Vomiting at the Unemployment Office


“I won! I finished dressing first!” I was so proud of myself for being the first one in the house ready to go out. I could never understand why it took my mom so long to get dressed until the first time I witnessed her whole routine. Sitting cross-legged on her bed, elbows on my knees, I watched in awe as she expertly applied layer upon layer of makeup in a procedure seemingly as complex as turning Robin Williams into Mrs. Doubtfire. The moisturizer, the foundation, the pancake, all smoothed to perfection before the colors were applied. The Clinique samples, spread out on her cherry dresser, thankfully covered the dent I made when I accidentally dropped her prized Lalique perfume bottle, the one I knew better than to play with. Mesmerized by her daily routine, I prayed she wouldn’t mention my transgression again as I sat there, watching, learning.

After the lipstick, the rouge, the eye shadow and mascara met Mom’s approval, we were ready to go. I wasn’t sure what to think or where to look while standing in the unemployment line with my mother. Staring at my black patent leather Mary Janes, I clung to my Mom’s side as she proudly stood in her high heeled pumps, sporting her favorite herringbone suit she probably bought out-of-season for 75% off Bloomingdale’s suggested retail price. I can picture her leather pocketbook wedged tightly in the crook of her arm while we waited patiently to pick up her weekly check.

I’ll never forget that smoke-filled room with its paint chipped walls and orange plastic chairs bolted to the floor. Many of the people in line wore Levi’s and faded tee shirts emblazoned with team names like the one I wore at my summer day camp. Others donned skirts or slacks with crisp white shirts. Mom wouldn’t let me sit down or touch anything. She said the seats were dirty. I wasn’t allowed to make eye contact with anyone, but they stared at us. I felt different.

I sensed heads turn toward us when it was my mom’s turn at the counter. I stared at my shoes as Mom politely answered the woman’s questions. “Yes, I’ve been looking for work.” I wasn’t sure why I felt so uncomfortable at the time, although I knew I didn’t want to go back. After she received her check she explained to me that she had paid into the system and now it was time to get her money back.

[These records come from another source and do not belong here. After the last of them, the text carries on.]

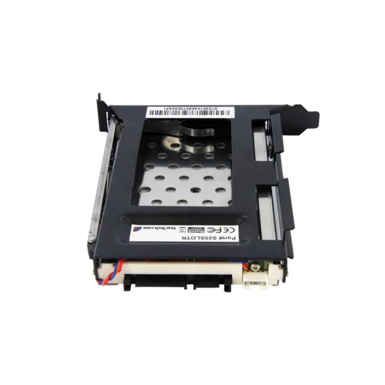 El estante para unidades de disco duro sin bandeja, modelo S25SLOTR, se puede instalar en una ranura de tarjeta de expansión PCI (perfil completo) disponible, lo cual permite el fácil acceso a una unidad de disco duro SATA o SSD de 2,5″ desde el panel trasero de una caja de ordenador.
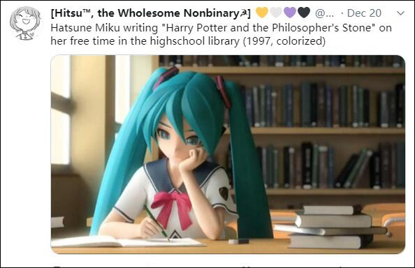 还有网友在疯狂点赞批评罗琳的帖子后,直接将罗琳开除出了《哈利波特》的作者籍,并宣布:初音未来才是真正作者。
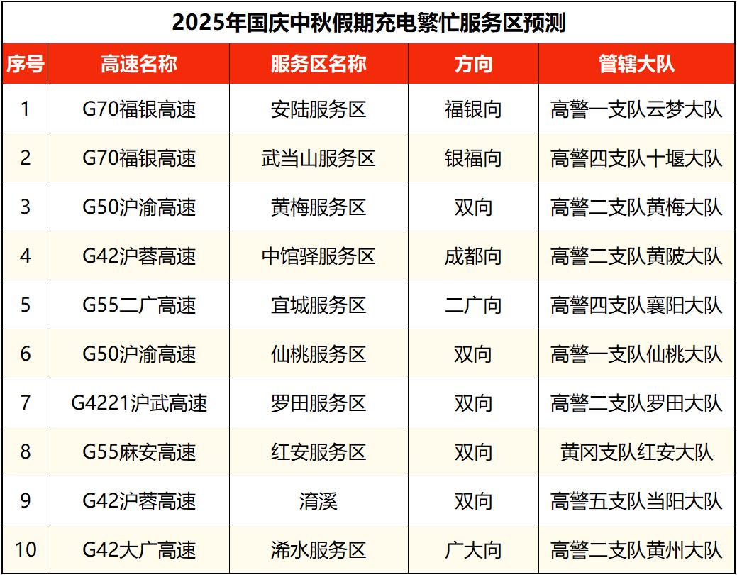 ▲假期充电繁忙服务区预测
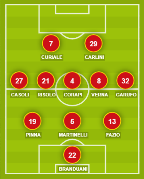 CATANZARO (3-5-2): 22 Branduani; 13 Fazio, 5 Martinelli, 19 Pinna; 32 Garufo, 8 Verna, 4 Corapi, 21 Risolo, 27 Casoli; 29 Carlini, 7 Curiale. A disposizione: 1 Mittica, 12 Iannì, 14 Riggio, 26 Pipicella, 2 Bayeye, 16 Mirarchi, 28 Iseppon, 24 Cristiano. Allenatore: Calabro.
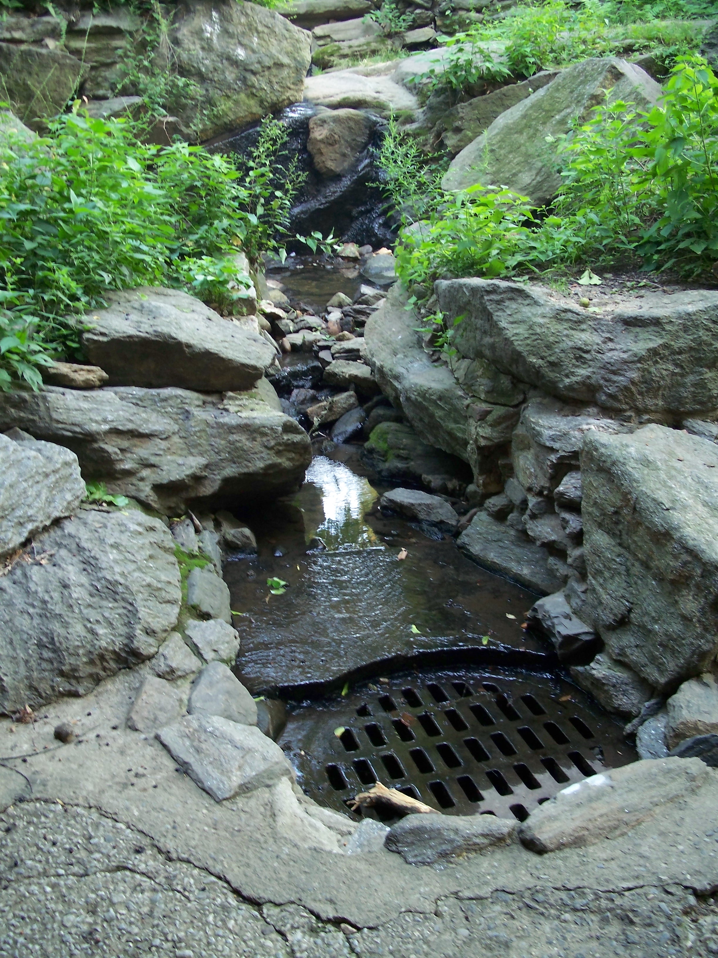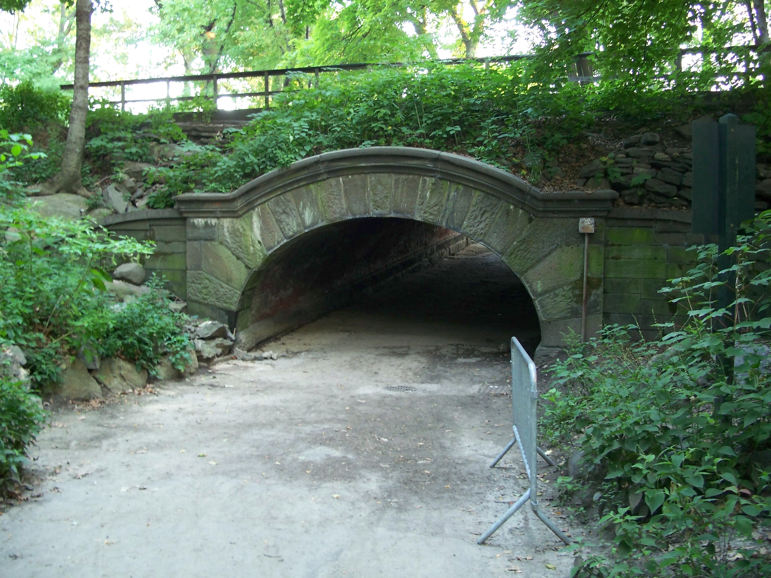 An secluded arch with an unusually low clearance of around six feet. Connects the North Meadow with The Ravine. A small spring on the south side of the bridge drains into a pipe that passes under the bridge and empties into Montayne's Rivulet in the Ravine. (reference)

With the check securely locked in her purse, we spent the afternoon at the Short Hills Mall. She shopped and treated me to ice cream. Before returning home Mom reminded me, “Don’t tell your father what we bought. I’ll hide the bill when it comes in the mail.”

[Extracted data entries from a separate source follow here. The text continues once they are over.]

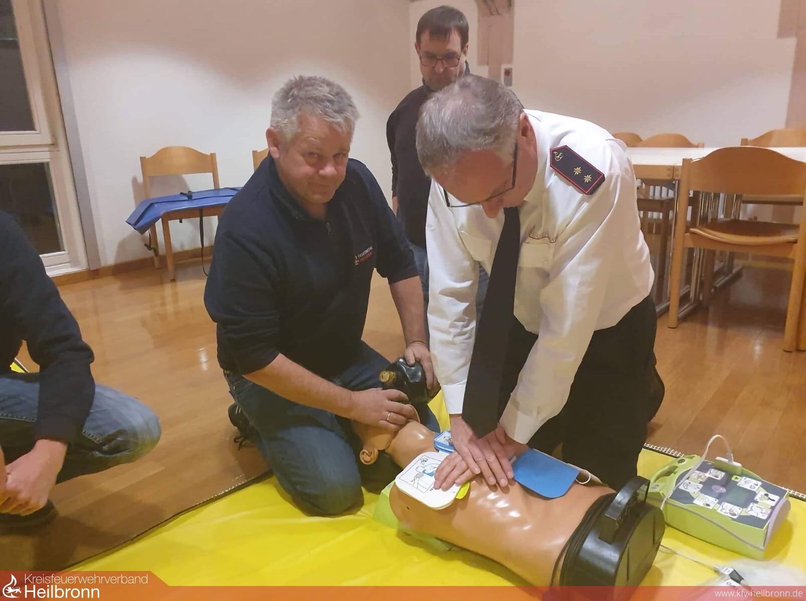 Am 23.11.219 war Andreas Giel und sein Team bei der Feuerwehr Obersulm Abt. Sülzbach. Erklärt wurde die richtige Anwendung eines Defi und sachgerechte Herz-Lungen Wiederbelebung. In Obersulm hängen in jeder Volksbankfiliale, am Breitenauer See am Kiosk 1, im Freibad oder auch im Sportheim Sülzbach Defibrillatoren. Bei den praktischen Übungen musste an den Dummy’s selbst Hand angelegt werden. Herzdruckmassage und Beatmung erfordern zwar etwas Übung, sind aber auch von Laien leicht zu erlernen. Die richtige Lagerung von bewusstlosen Personen und das stoppen starker Blutungen ergänzten den interessanten Übungsnachmittag. Unser Dank gilt den engagierten Kameradinnen und Kameraden des DRK Obersulm.
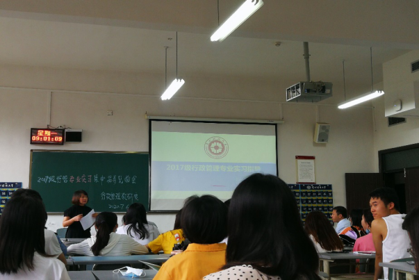 7月6日,2017级行政管理专业在博学楼2-22召开专业实习动员会,动员会由樊梅老师主持,曾宇航副院长、田恒、张欣等十位教师代表、学院教务科高明英老师,以及2017级行政管理全体同学参加了此次实习动员会。会上老师们对专业实习的要求进行详细的说明,并对同学们的疑问进行了解答,鼓励大家认真完成此次专业实习。
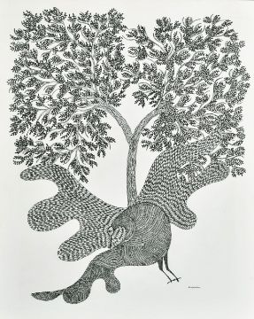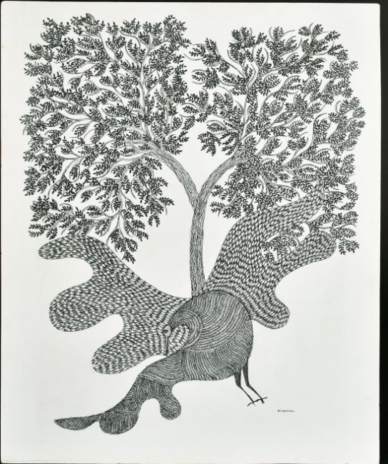 Ram Singh Urveti (b. 1970) Indian Gond Artist, a bird beneath a tree, ink on paper, signed, 14" x 11" (35 x 28cm), unframed.
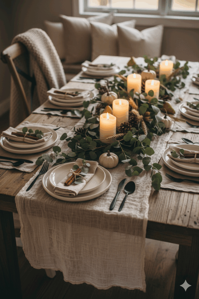 Rustic Farmhouse Tablescape: Linen Runners, Eucalyptus Garland, and LED Pillar Candles

Years later I felt like I was following in Mom’s footsteps when I found myself in the unemployment line soon after the Pittsburgh Press proclaimed: Record Unemployment. Calling me into his corner office, I assumed my manager wanted me to feel special as he sat me down and told me, “You’re not being fired. You have been chosen as the employee we need to lay off.” “Why me?” I asked, surprised. I hadn’t seen this coming at all. “Mary complained you are making faces at her.”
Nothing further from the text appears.